Como era sábado, no llevábamos los uniformes azules del colegio; el patio se llenó entonces de un jardín de vestidos de flores y de algunos niños con sus camisas planchadas que crujían al moverse. Yo, por mi parte, llevaba mis zapatos nuevos, esos que brillaban y que me recordaban que aquello no era un juego. Que ese día, de alguna manera que no entendía bien, estábamos a punto de tocar algo sagrado. Eso solo, el solo hecho de estar allí, con la ropa limpia y el corazón inquieto, ya hacía el día especial.
Mi madre estaba entre el grupo de padres. Ella era de las que animaba a las demás a asistir a las actividades que las monjas organizaban para los niños. La recuerdo conversando, riendo, moviéndose entre ellas con esa energía suya que hacía que la gente quisiera quedarse.
Éramos un grupo variado, hijos de inmigrantes de distintas nacionalidades, y en esos días el patio era un pequeño mapa del mundo: se mezclaban el español, el italiano, el polaco, el inglés con acentos que aún no se habían borrado del todo. A mí me fascinaba escuchar esas voces tan distintas, porque me hacían sentir que el mundo era más grande que mi casa y que mi colegio, y que de algún modo todos estábamos buscando lo mismo, aunque lo dijéramos en idiomas diferentes. Pero ese sábado, las diferencias no importaban. Todos estábamos allí para lo mismo.
Las monjas y el cura corrían de un lado a otro con esa energía que tienen los adultos cuando están preparando algo importante, y el olor a hamburguesas empezaba a mezclarse con el del césped recién cortado. Yo, desde un banco, observaba aquel ajetreo con una mezcla de curiosidad y reverencia. Sí, era importante: un simulacro del Año Santo de 1975, el Jubileo convocado por el Papa Pablo VI. Para nosotros, los niños, la explicación era más sencilla: era un año especial en el que, si uno hacía ciertas cosas, podía ganar un perdón especial.
En mi mente de niña, ese perdón no era un concepto doctrinal, sino algo más parecido a una promesa: la idea de que, por muy pequeña que fuera, Dios me miraba y quería borrar algo de mi historia. No sabía muy bien qué había que borrar, pero la sola posibilidad de que alguien tan grande como Él quisiera acercarse a alguien tan pequeña como yo, me llenaba de una paz que no entendía, pero que nunca olvidaría.

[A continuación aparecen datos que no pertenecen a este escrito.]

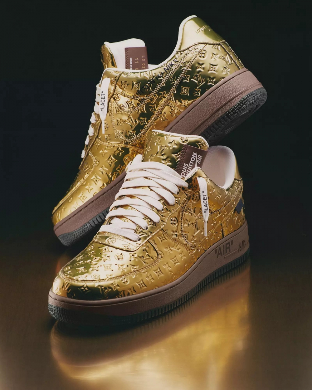 所有鞋履均在Louis Vuitton義大利的工作室制作,經典的球鞋透過Louis Vuitton精湛的奢華面料呈現,細節加入Virgil Abloh專屬字體HeLVetica,鞋帶上的”Lacet”字樣與鞋底上的”Air”字樣,將兩大身份的標志融爲壹體,彰顯此次合作的精華。
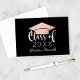 Custom graduation thank you note cards a black background (can be customized) with stylish and trendy rose gold / blush pink and white "Class of 2026" calligraphy script design with grad cap and graduate name in modern script.

Pero, claro, éramos niños de Filadelfia, hijos de inmigrantes. Roma quedaba al otro lado del océano, en los mapas de la escuela, en las páginas de los libros que las monjas nos mostraban con dedos temblorosos de emoción.
No podíamos viajar hasta allí, no teníamos pasajes ni maletas ni suficientes ahorros. Pero las monjas, que sabían de sueños y de milagros, encontraron la manera de traer el peregrinaje hasta nosotros.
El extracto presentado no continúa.